▸ **Problem requirements**:
Nothing should appear in the answer except the lines below from the line containing "在空间上,颠覆了传统别墅单层" through the line containing "Большой объём, удобная", copied exactly, with pictures left out.

▸ **Exercise data**:
##############################

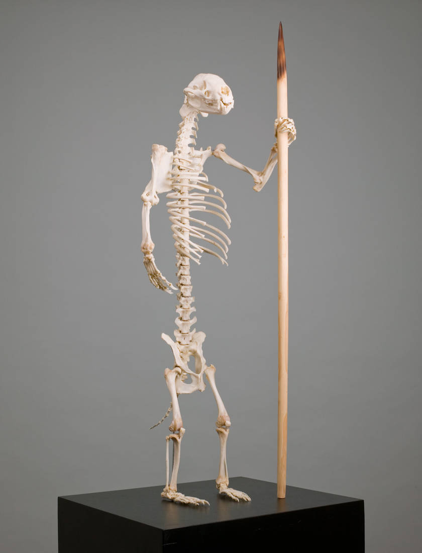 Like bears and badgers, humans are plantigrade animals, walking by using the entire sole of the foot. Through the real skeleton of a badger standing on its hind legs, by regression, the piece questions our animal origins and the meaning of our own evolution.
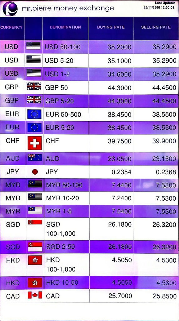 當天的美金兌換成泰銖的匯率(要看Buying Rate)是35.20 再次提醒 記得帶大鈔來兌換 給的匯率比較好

##############################

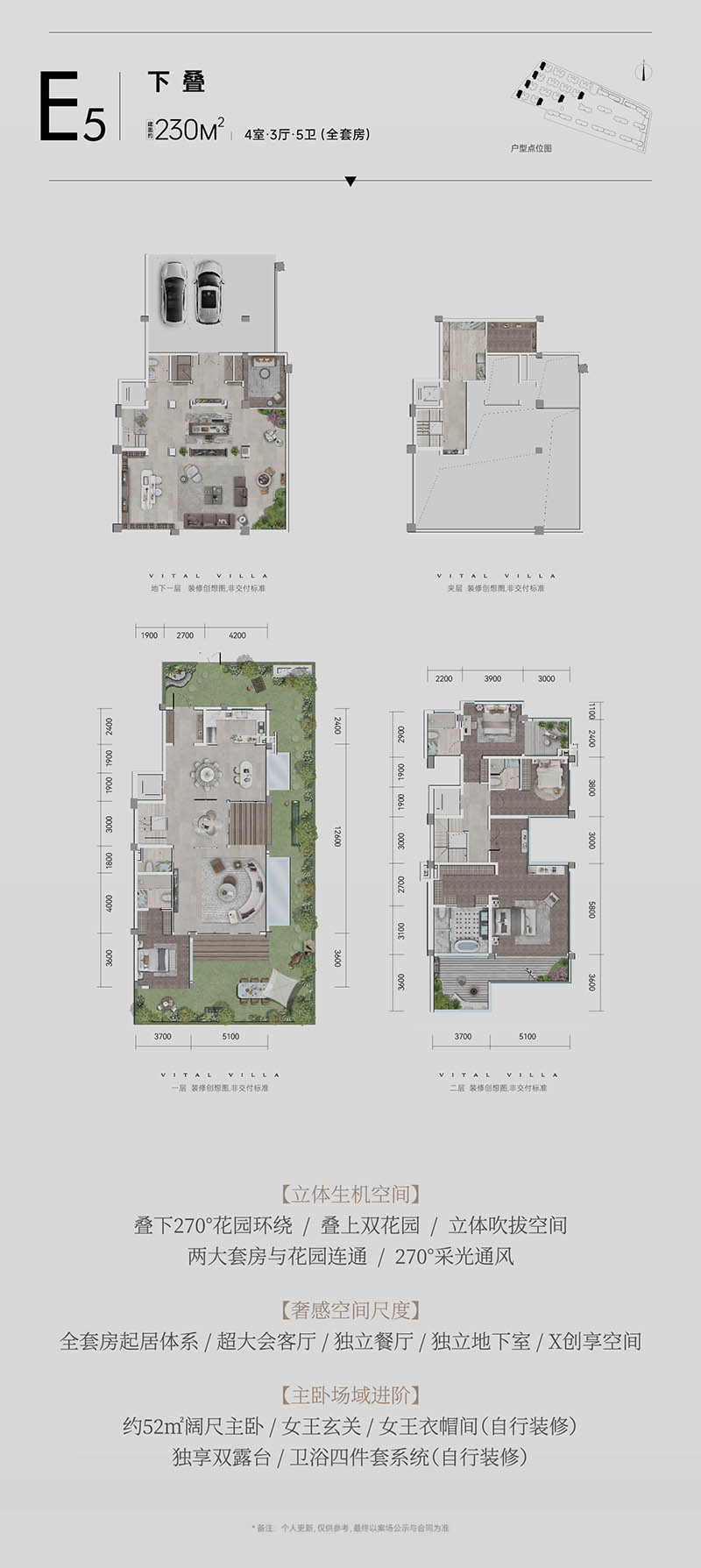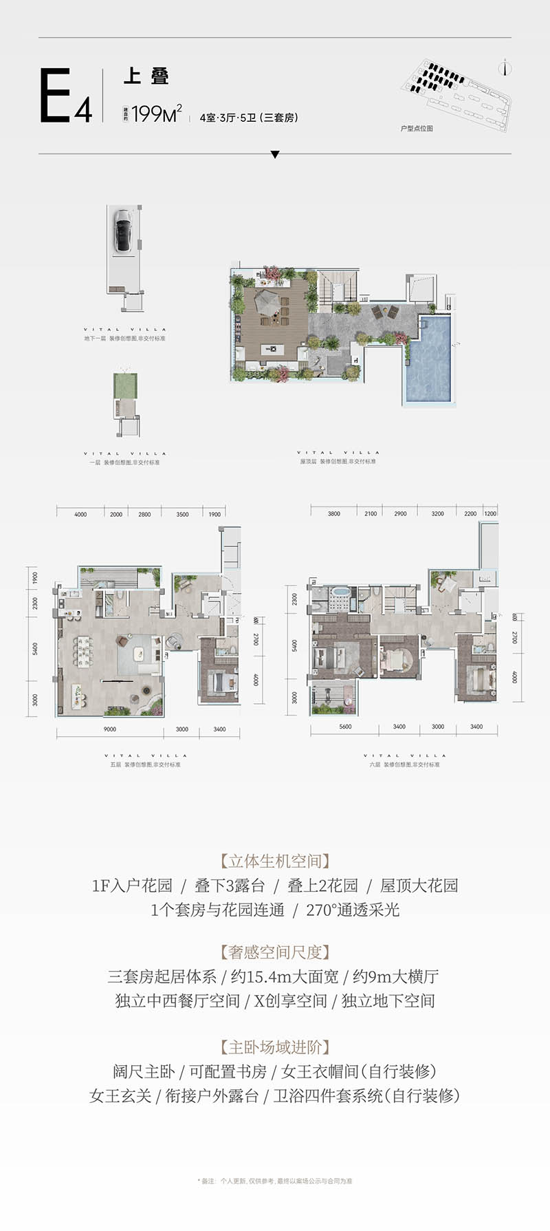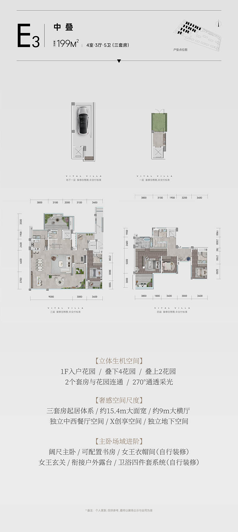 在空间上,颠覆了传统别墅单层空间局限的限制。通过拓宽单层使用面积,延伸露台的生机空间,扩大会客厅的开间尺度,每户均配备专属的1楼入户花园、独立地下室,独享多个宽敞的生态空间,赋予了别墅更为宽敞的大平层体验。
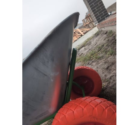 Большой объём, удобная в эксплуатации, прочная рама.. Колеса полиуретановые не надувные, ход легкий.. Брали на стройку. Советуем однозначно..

##############################

▸ **The answer**:
 在空间上,颠覆了传统别墅单层空间局限的限制。通过拓宽单层使用面积,延伸露台的生机空间,扩大会客厅的开间尺度,每户均配备专属的1楼入户花园、独立地下室,独享多个宽敞的生态空间,赋予了别墅更为宽敞的大平层体验。
 Большой объём, удобная в эксплуатации, прочная рама.. Колеса полиуретановые не надувные, ход легкий.. Брали на стройку. Советуем однозначно..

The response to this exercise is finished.